▸ WORK TO BE COMPLETED: Below is a listing with pictures. Repeat exactly the lines starting at the one holding "Invitación a la" and going on through the one holding "Bead, cubic zirconia, clear, 6mm", and leave every picture out.
** Opening DATA SUPPLIED block **
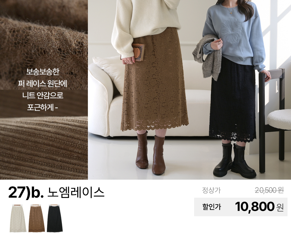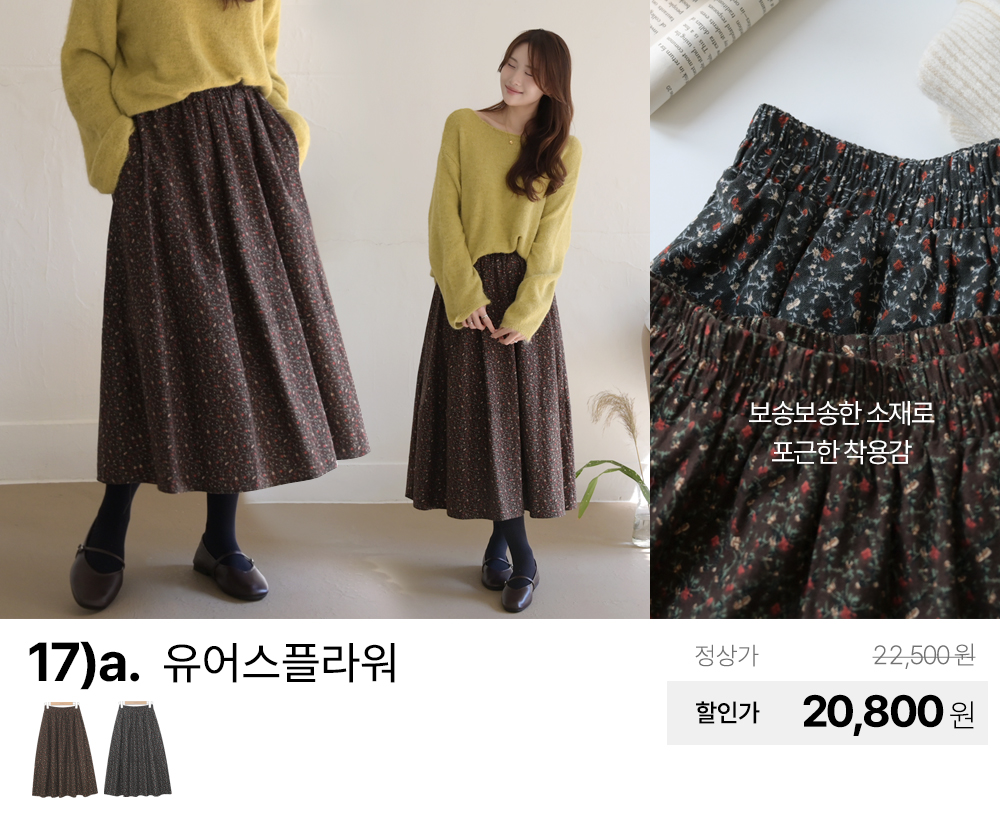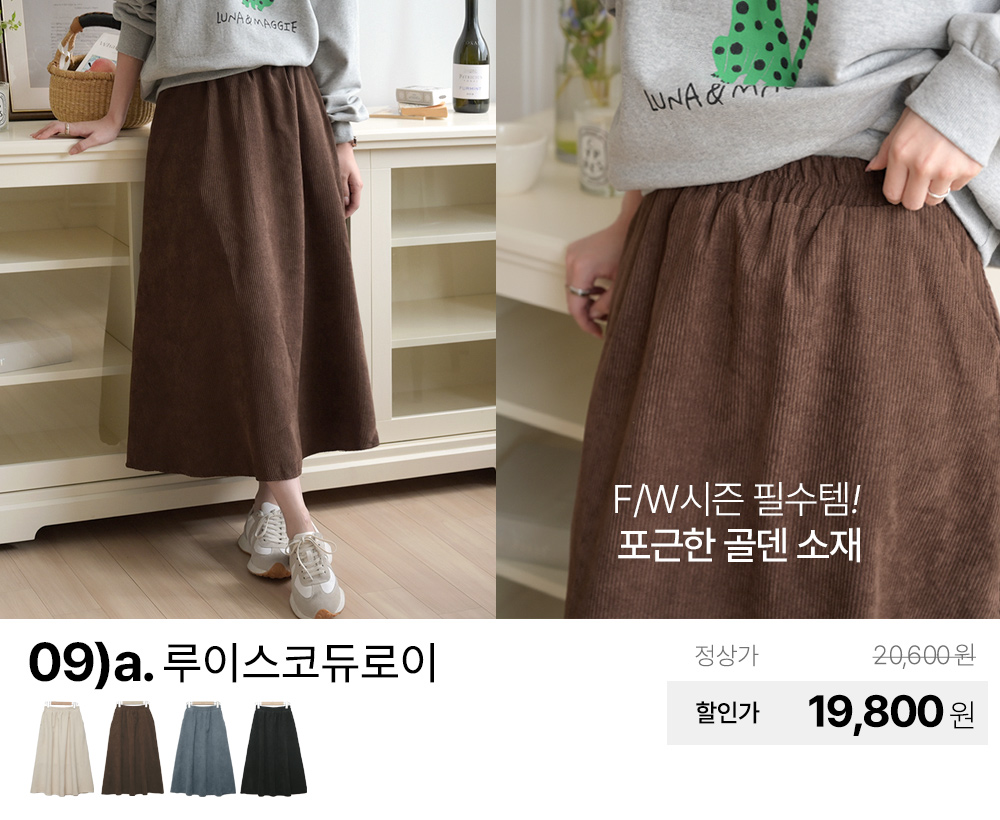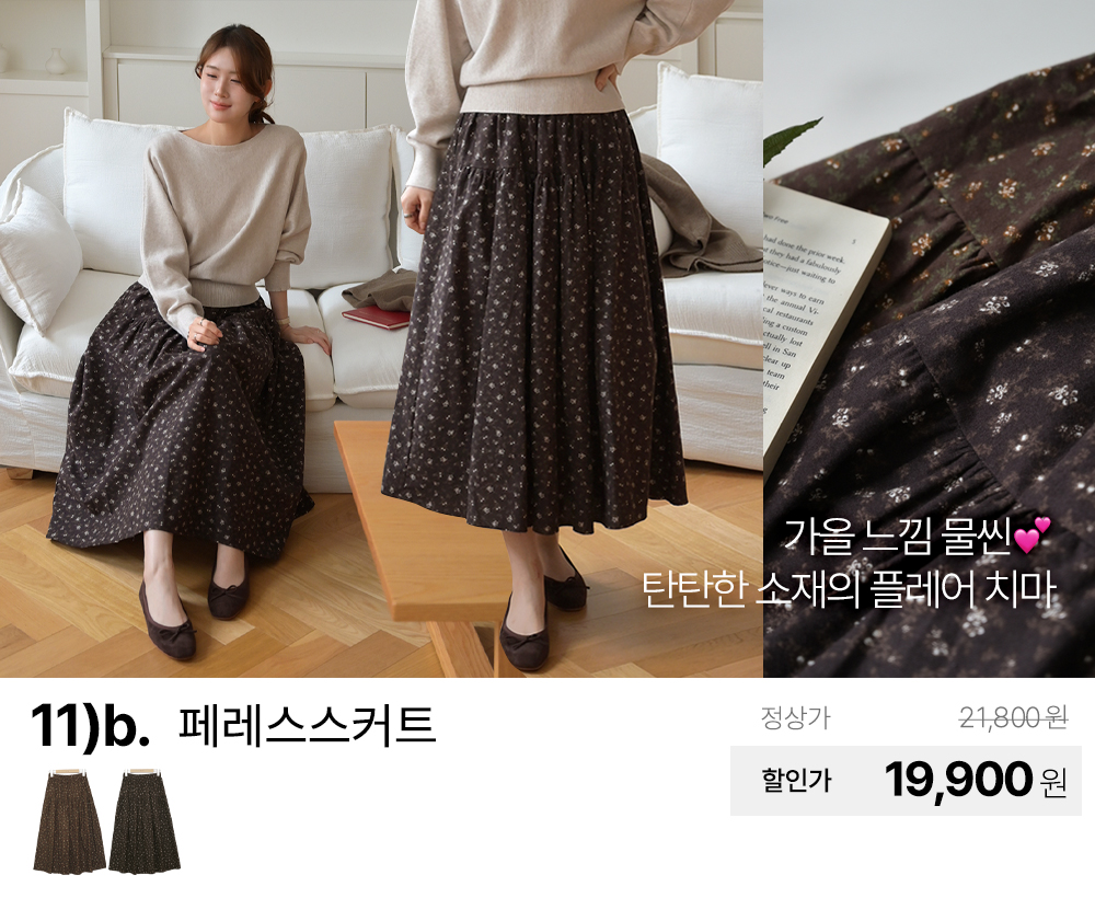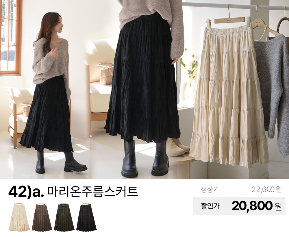 가을 신상 기모 밍크 니트 쉬폰 망사 프릴 코튼 플레어 플리츠 주름 밴딩 스판 데님 롱 스커트 치마
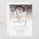 Invitación a la boda informal de guiones con la foto de moda QR Code. Con un código QR en el sitio web de su boda en la parte posterior para que sus invitados puedan ver todos los detalles en línea sin necesidad de gabinetes separados. Su código QR se generará automáticamente para actualizar el código de ejemplo en el diseño, cuando simplemente cambie la dirección URL de ejemplo de la plantilla con la dirección URL de su sitio web boda. Boda está en un guión elegante. Reemplace la foto de ejemplo con su propio favorito.
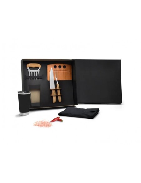 Kit para churrasco; Conta com tábua em Bambu; Faca 7" e garfo em aço Inox/Madeira.
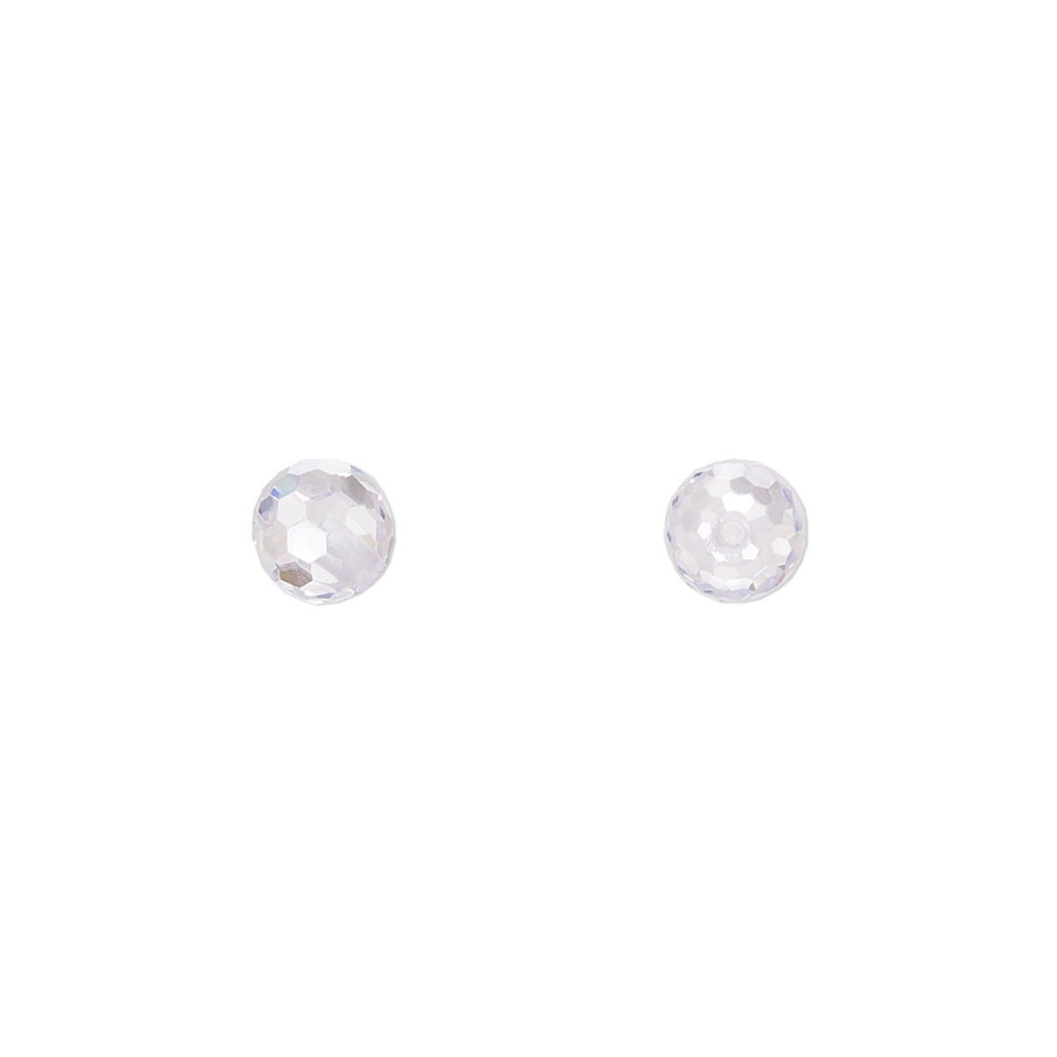 Bead, cubic zirconia, clear, 6mm half-drilled faceted round. Sold per pkg of 2.
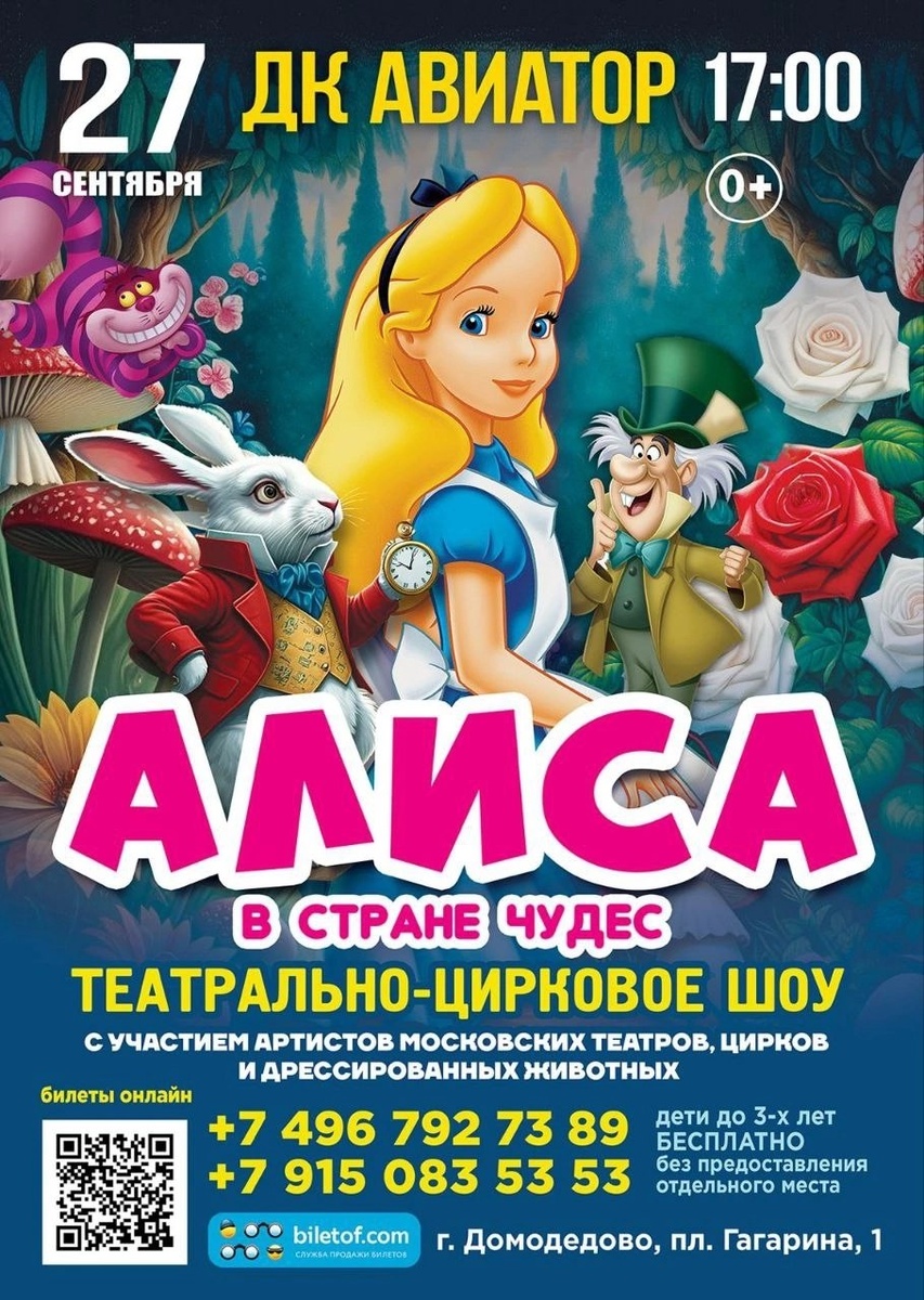 ✨ АЛИСА В СТРАНЕ ЧУДЕС Театрально-цирковое шоу, по мотивам сказки Льюиса Кэрролла "Алиса в стране чудес". Мы приглашаем Вас, вернуться вместе с Алисой в страну чудес! Проводником в волшебную страну станет Безумный Шляпник, который сможет удивить Вас невероятными трюками с чайными кружками и своим сумасшедшим чувством юмора. Его волшебная шляпа прочитает мысли самых смелых. Алиса порадует зрителей гигантскими мыльными пузырями и завораживающим световым шоу. В программе принимают участие артисты Московских театров, цирков и дрессированные животные. 🚫 Возраст: 0+ 📆 27.09.2025🕒17:00 🏢 Городской дом культуры «Авиатор» 📍 г. Домодедово, ул.Гагарина, д.1 🎫 Купить билет: https://new.biletof.com/choose/?ra=16395&elem=0&var=2&frame=1 ✅ Мероприятия Домодедово https://dzen.ru/id/66f10385cc4c5a16f7b5fb02 http://vk.com/domodedovo_events http://dzen.ru/domodedovo_events
** Closing DATA SUPPLIED block **
▸ EXPECTED ANSWER:
 Invitación a la boda informal de guiones con la foto de moda QR Code. Con un código QR en el sitio web de su boda en la parte posterior para que sus invitados puedan ver todos los detalles en línea sin necesidad de gabinetes separados. Su código QR se generará automáticamente para actualizar el código de ejemplo en el diseño, cuando simplemente cambie la dirección URL de ejemplo de la plantilla con la dirección URL de su sitio web boda. Boda está en un guión elegante. Reemplace la foto de ejemplo con su propio favorito.
 Kit para churrasco; Conta com tábua em Bambu; Faca 7" e garfo em aço Inox/Madeira.
 Bead, cubic zirconia, clear, 6mm half-drilled faceted round. Sold per pkg of 2.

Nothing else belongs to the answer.